Status of Sri Lanka apparel among competitors
According to the Joint Apparel Association Forum Sri Lanka, in 2023, the country exported just over $4.5 billion in apparel products to global markets, which was down over $1 billion from 2022’s record-high global export total of nearly $5.6 billion.
Though those figures lag behind the likes of China, Vietnam and Bangladesh, the Ceylon Chamber of Commerce released data in February that 39 percent of Sri Lankan exporters expect to see moderate growth in the country’s economy in 2024.
Some fashion brands, like Mara Hoffman and Coach, have already introduced digital passport-style tags on some of their items and product lines. But global adoption has not yet occurred.
External legislative considerations
Sri Lanka’s legislative policies did not dictate this move.
The country may be putting itself ahead of competing apparel exporters in South Asia as existing and pending regulations in the United States, United Kingdom and European Union indicate a concerted effort to dictate stronger supply chain transparency.

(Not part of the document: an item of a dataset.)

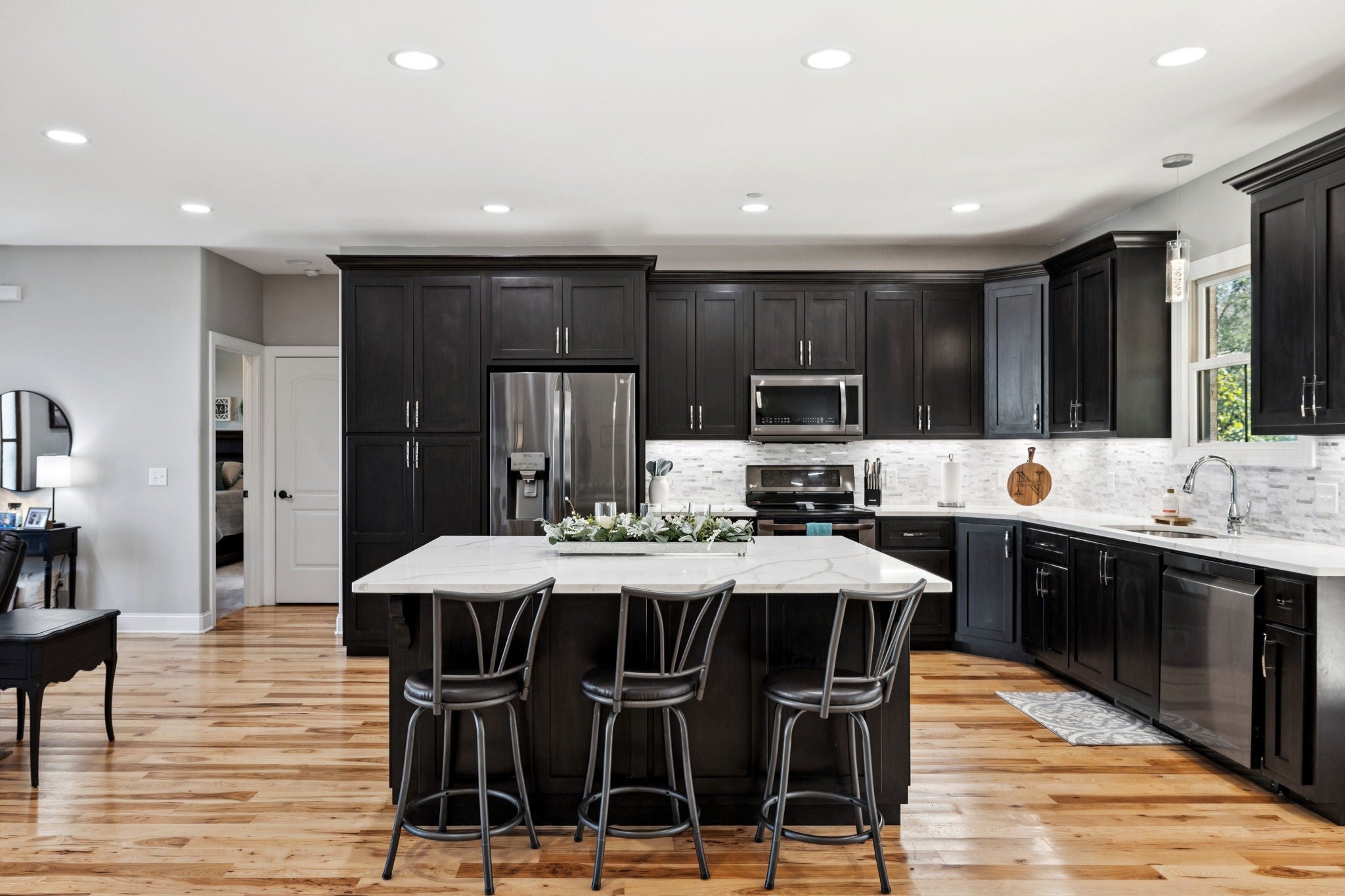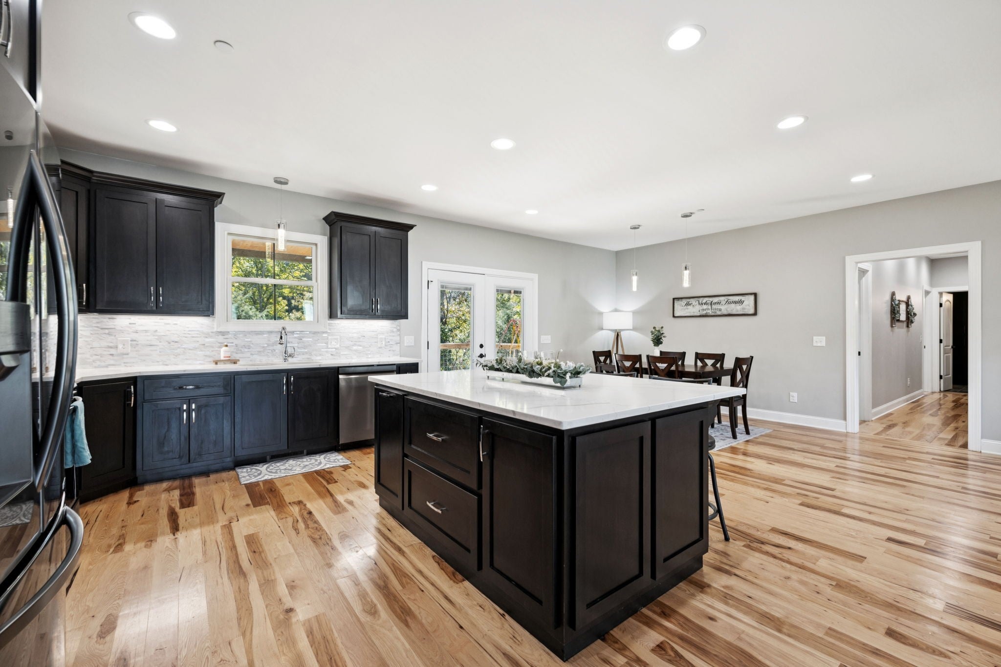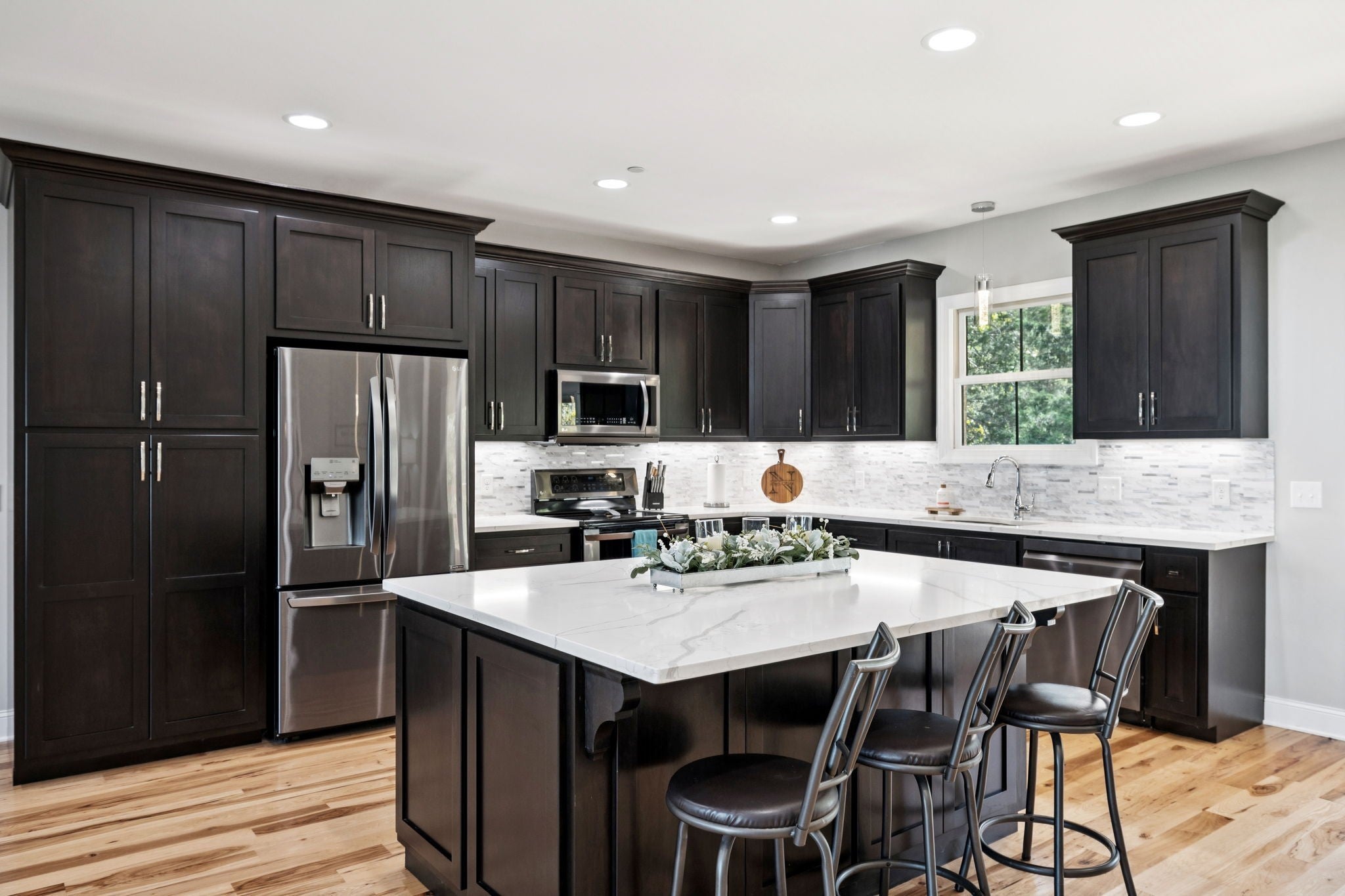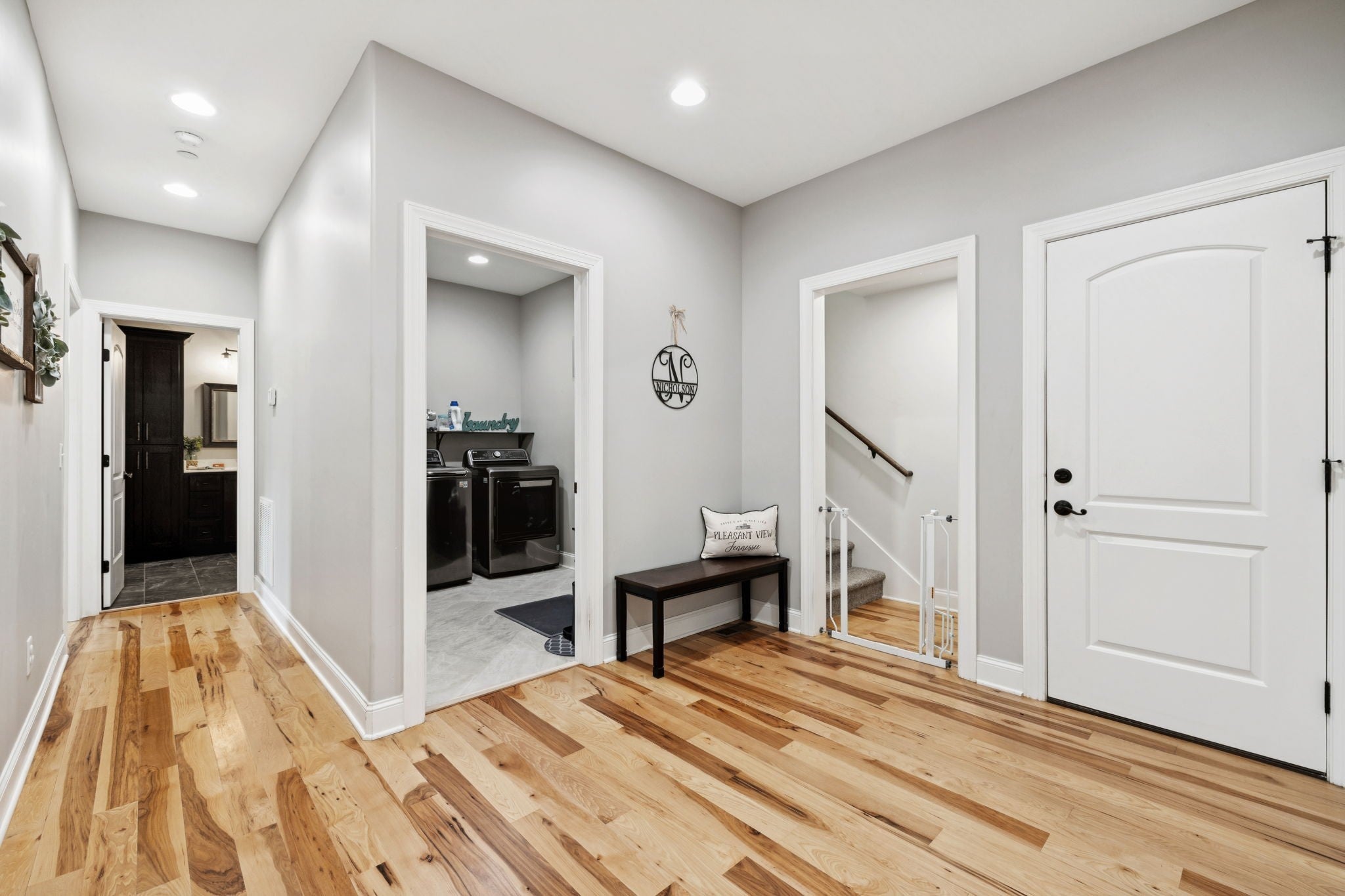 One of the newest homes in Town Pride Subdivision on one of the best lots that is bordered by the creek~one level of PURE HAPPINESS~this custom, one owner home feels like new the minute you walk in~beautiful brick on the exterior just gives a glimpse of the attractive interior that awaits! Real Hickory hardwood floors throughout~an open living/kitchen/dining concept with a large island topped with gorgeous quartz for plenty of cabinet and counter space~all stainless appliances and all remain~make the fireplace the center attraction just in time for the Christmas decorating to begin (or at least that is what IG is showing)~recessed lighting throughout~large master suite with a bath to die for and yes you can faint right on the heated tiled floors and never worry about getting chilled~tankless water heater and natural gas which is a rarity these days even in new construction~nice laundry room~walk-in attic great for storage~covered deck with a tongue and groove ceiling in rear where you can see the creek~pool table remains for all you pool sharks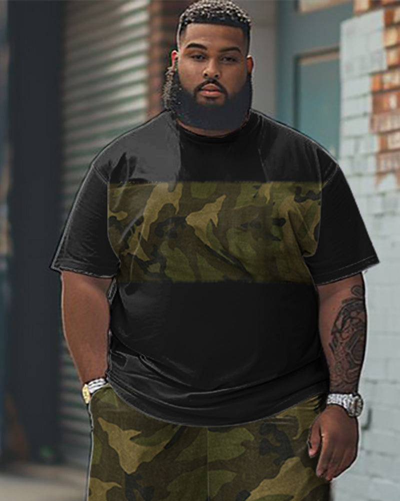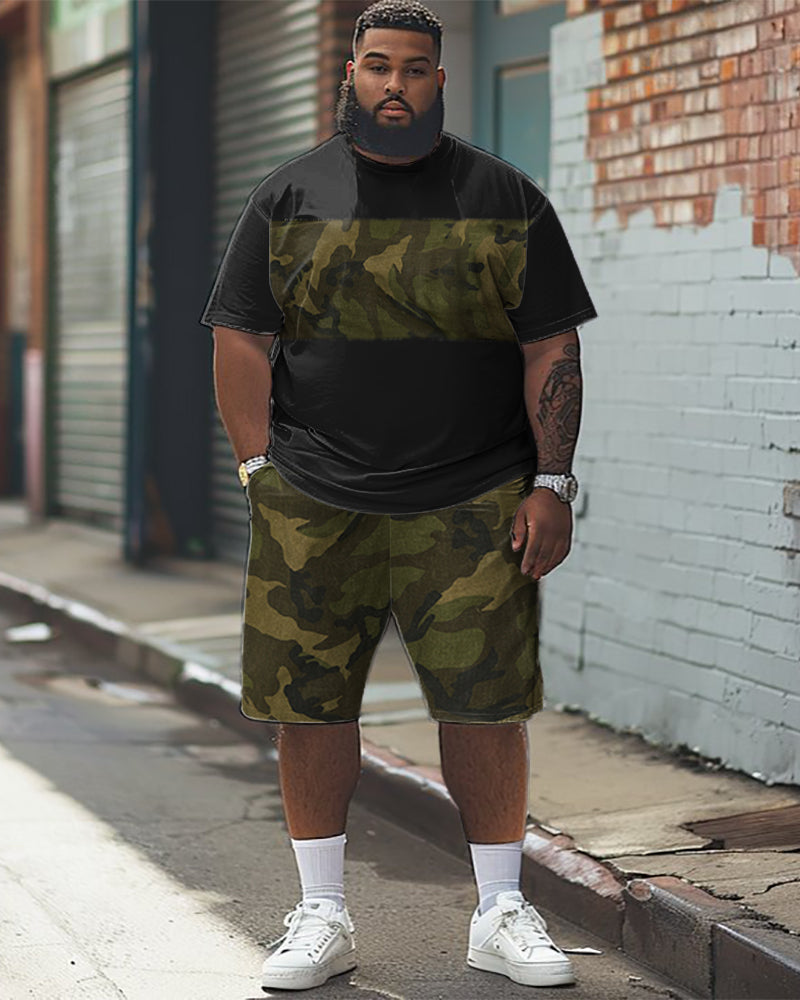 This short-sleeved T-shirt and shorts set is the perfect combination of comfort and style. The top features classic black stitching with camouflage style, while the bottom features full camouflage shorts. The loose fit allows every big man to feel comfortable and confident. It is easy to wear in spring and summer.

“Being ahead of trends and requirements, and having the digital knowhow, will help the industry expand its attractiveness to more global brands, many of which already see Sri Lanka as a choice location for manufacturing,” Allison said.
Take for example, the U.S.’ Uyghur Forced Labor Prevention Act (UFLPA), which bars any goods made or sourced, wholly or in part, in China’s Xinjiang Uyghur Autonomous Region (XUAR). Since that regulation took hold, companies have scrambled to prove their supply chains are compliant with the UFLPA, in turn opening up broader conversations about the importance and relevance of supply chain traceability.
In the UK, the government has required companies to put forth an annual statement detailing the ways in which they have worked to ensure forced labor is absent from their supply chains under the Modern Slavery Act.
Meanwhile, aggression rages between European countries trying to secure final approval for the EU’s Corporate Sustainability Due Diligence Directive (CSDDD), which France, Germany and Italy further muddied this week by voting against the proposed legislation.
If EU countries’ leaders can come to a compromise, the regulation would mandate that companies in EU member states be held legally accountable for adverse environmental and human rights impacts coming from their respective supply chains.
The myriad of regulations coming swiftly toward the apparel industry could make Sri Lanka’s new initiative valuable to the Global North, especially as iteration of sustainability legislation continues in some countries—and begins in others.
“Being up to speed with the requirements of the regulations positions the industry to compete globally and demonstrate its successful investment in progressing sustainability,” Allison said.